Im Vorsteuerausschluss des Opel Zafira ist auch kein Verstoß gegen das gemeinschaftsrechtsrechtliche Verbot, das Vorsteuerabzugsrecht gegenüber der zum Zeitpunkt des Inkrafttretens der 6. MwSt-RL (für Österreich: 1.1.1995) geltenden Rechtslage einzuschränken (Stand-Still-Klausel des Art 17 Abs. 6 der 6. EG-RL 77/388/EWG), zu sehen.
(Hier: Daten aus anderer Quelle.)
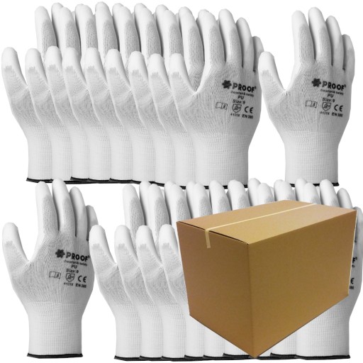 RĘKAWICE ROBOCZE BIAŁE PU PROOF RĘKAWICZKI 8-10par

Wie bereits in der aufgehobenen Entscheidung vom 9. Mai 2007, RV/0295-F/06, festgestellt wurde, unterscheidet sich der Opel Zafira von der größeren Klasse der "Vans" nur dadurch, dass er kleiner als diese ist. Diese kleineren Maße des Opel Zafira implizieren allerdings einen dementsprechend geringeren Fahrkomfort und geringere Gepäckmitnahmemöglichkeiten. Die zum 1.1.1995 vorsteuerabzugberechtigten Vans wie der Renault Espace, der Fiat Ulysse oder der Chrysler Voyager weisen gegenüber dem Opel Zafira größere Außenmaße hinsichtlich Länge, Breite und Höhe auf (Renault Espace: 4787/1760/1675; Fiat Ulysse: 4719/1854/1745; Chrysler Grand Voyager: 5143/1954/1651). Diese größeren Außenmaße bedingen entsprechend mehr Platz im Inneren des Fahrzeugs und damit einen größeren Abstand zwischen den Sitzen sowie breitere Sitze und infolgedessen einen höheren Sitzkomfort. So weist etwa der Chrysler Grand Voyager eine Beinfreiheit von 1.083 mm vorn, 923 mm in der 2. Reihe und 808 mm in der 3. Reihe und damit einen hohen Sitzkomfort für alle 7 mitreisenden Personen auf. Weiters resultiert aus den größeren Maßen ein größerer Gepäckraum hinter der dritten Sitzreihe (Grand Voyager: 638 l; Fiat Ulysse: 324 l; Renault Espace: 275 l) und damit die Möglichkeit, ein Mindestgepäck im oben angeführten Sinne mitzuführen.

Es wurden daher keine strengeren Anforderungen an die Beförderungskapazität des Opel Zafira gestellt als an die zum 1.1.1995 als Kleinbusse anerkannten Vans.

Es war daher spruchgemäß zu entscheiden.